Reconstructing Baselines

We refer to the period of early human exploitation of the marine resources of the Juan Fernández Archipelago before large numbers of lobsters were removed from the population as the “virgin” period (1574–1898). As the intertidal zone and shallow subtidal depths were fished of lobsters [42][45], effort moved to deeper waters, which we term the “historic” period (1898–1930). The fishery catch record begins in 1930 for all landings of Jasus frontalis in Chile (including Isla Alexander Selkirk and the Islas Desventuradas). The proportion of catch from Islas Robinson Crusoe and Santa Clara was estimated to be 65% (±5% standard deviation) from 1972–1983 [50] and 49% for the 1996–1997 season [49]. We used these values to model a catch record for Islas Robinson Crusoe and Santa Clara which show landings varying by as much as 46 tonnes between successive years (e.g., 1942 versus 1943). Although highly variable, the average catch remained stable at approximately 60 tonnes per year until 1967. We call 1930–1967 the “fishing” period. From 1967 until 1982, catches declined despite evidence of increasing fishing effort [50], after which they leveled off and reached a new average catch of approximately 20 tonnes per year. Lobster catch for all of the island groups was declared to be 1 tonne in 2004 when the fishery was closed by the Chilean National Fishery Service (SERNAPESCA) for one season to allow stocks to recover, resulting in the 2005 and 2006 seasons producing the highest catches in 30 years. The last year for which we have catch data is 2008. Based on the low catch and increasing effort we define the years 1967–2008 as the “over-fishing” period. We identify these four designations in the history of lobster fishing on the Juan Fernández Archipelago because each period represents a different state for lobsters in terms of biomass. We use information from these separate periods to facilitate the calculation of average baselines and thereby model development for the “fishing” and “over-fishing” periods, to allow us to investigate how alternative management strategies might influence what we call the “future of fishing” period from 2008–2050.
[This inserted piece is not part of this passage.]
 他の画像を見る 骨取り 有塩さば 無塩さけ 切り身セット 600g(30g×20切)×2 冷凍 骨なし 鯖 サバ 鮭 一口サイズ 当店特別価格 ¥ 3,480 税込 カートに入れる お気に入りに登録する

We used the most recently published stock assessment and composition of catch by depth data [49], [51] to estimate the lobster biomass during the “over-fishing” period. In the 1996–97 fishing season, the Robinson Crusoe – Santa Clara stock was estimated to be approximately 70 tonnes [51] and the reported catch averaged over those two years was 34 tonnes [46] indicating that approximately 50% of available stock was harvested [49]. We used this value of 50% to calculate lobster biomass for the average catch made during the “over-fishing” period in which most traps were set in water between 112 and 165 m deep [49]. For the “fishing” period, we assumed that catch represented a smaller proportion of total stock biomass because CPUE was higher during this period [50]. Based on the historic accounts of biomass and depth of “best catch” [43][46], CPUE [49], [52], and area of habitat by depth, we estimated lobster biomass for the “historic” and “virgin” periods.
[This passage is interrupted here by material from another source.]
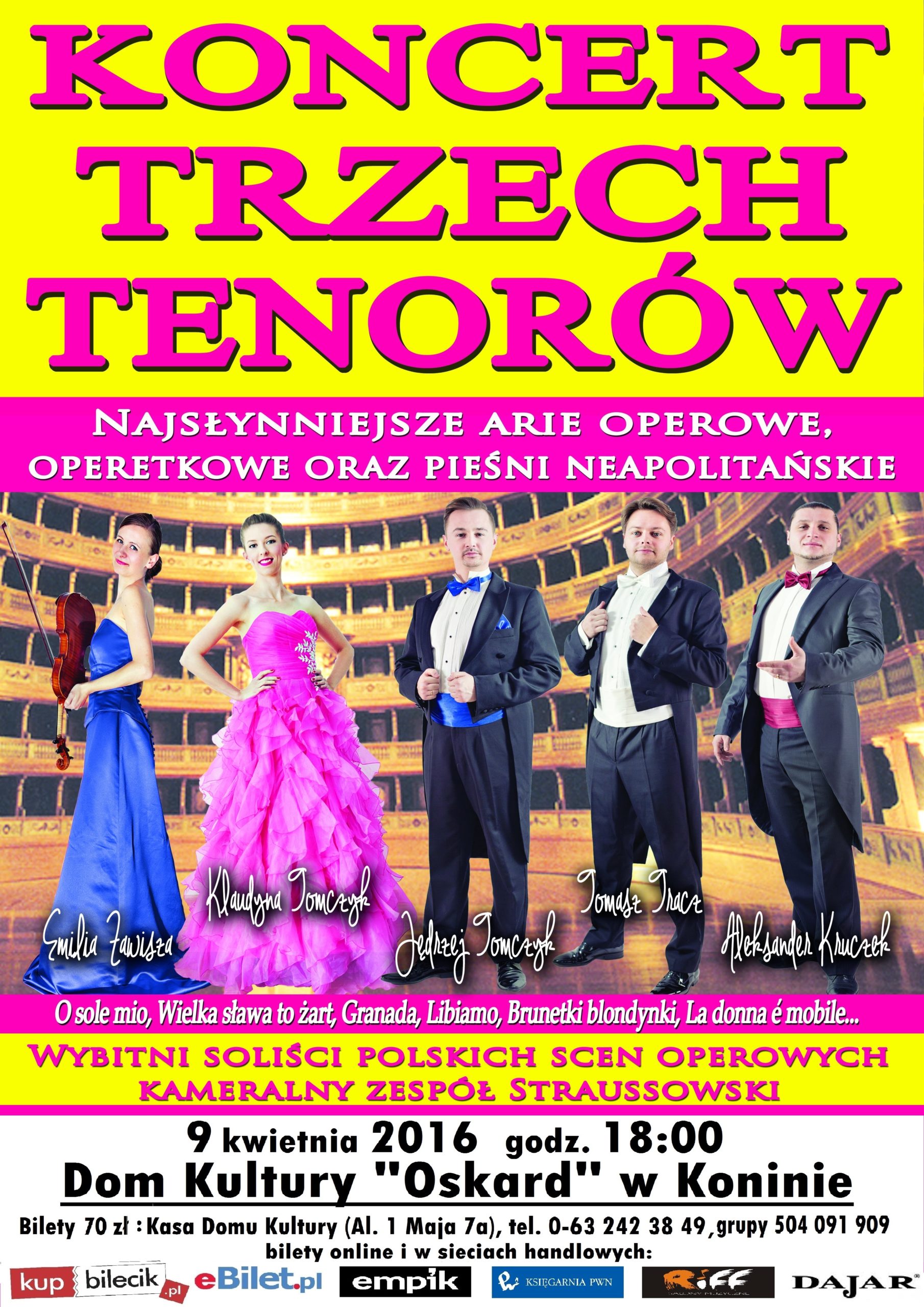Zapraszamy Państwa serdecznie na Koncert Trzech Tenorów, który programowo nawiązywać będzie do Gali z udziałem trzech największych tenorów świata. Podczas koncertu usłyszą Państwo obdarzonych wspaniałymi głosami, fantastycznych śpiewaków operowych, solistów polskich i europejskich scen muzycznych, wystąpią trzej znakomici tenorzy młodego pokolenia – Jędrzej Tomczyk, Tomasz Tracz oraz Aleksander Kruczek. Towarzyszyć im będą wybitni, polscy kameraliści młodego pokolenia, występujący na co dzień z najlepszymi orkiestrami i dyrygentami w Polsce i Europie. Tej gali nie można przegapić, na scenie pojawią się laureaci międzynarodowych konkursów muzycznych, wirtuozi skrzypiec, fortepianu, wspaniali soliści polskiej estrady. Zabrzmią największe przeboje opery i operetki, przepiękne pieśni neapolitańskie i szlagiery literatury skrzypcowej, wspaniałe światowe arie największych kompozytorów. Publiczność usłyszy m.in.: O sole mio, Granadę, Brunetki blondynki, Arię Barinkaya "Wielka sława to żart", Arię Księcia "La donna é mobile,

Quantifying Spatial and Temporal Trends

Conversations with elders of the Juan Fernández Archipelago fishing community (FEK; [38]) provided information about spatial changes in lobster abundance and fishing effort throughout recent history that we could not find in government or literature sources. These fishers have been fishing on the Juan Fernández Archipelago for as many as 40 years, providing information dating back to 1967 in some cases, corresponding to the transition from the “fishing” to the “over-fishing” period. Anecdotal information about the spatial and temporal distributions of fishing effort, catches and lobster abundances throughout the archipelago were recorded as either “high”, “moderate” or “low”. This information was used to understand how lobster abundance, catch and effort have changed in the archipelago during the last 40 years and was used during development of spatial dynamics for the model described below.

In order to quantify fishers' observations of current lobster abundance distributions at shallow depths (<30m), we conducted underwater surveys of invertebrate abundance during the months of September and October, 2007 (manuscript in review). We selected sites around Isla Robinson Crusoe and Isla Santa Clara to sample separate regions of the archipelago with different subtidal habitats and wave exposure (Figure 3A). Wave-exposed sites located on the western side of the archipelago are characterised by vertical walls, big boulders and caves, whereas eastern sites are more gradual in slope, highly eroded and characterised by sand, small boulders and cobble. At each site, a 0.25 m2 quadrat (50×50 cm) was placed at 4 m intervals on both sides of a 20 m transect (10 quadrats per transect) recording the abundance of invertebrate species including lobster. Between six and ten transects were completed at each site (mean = 6.5±2.3 standard deviation; 39 total) based on depth and weather conditions. Transects were conducted perpendicular to the shore to survey a range of depths at each site. Lobster abundance per site is expressed as a percentage of total abundance at all sites, standardized for area surveyed.

Figure 3. Map showing underwater survey locations, spatial regions and MR locations.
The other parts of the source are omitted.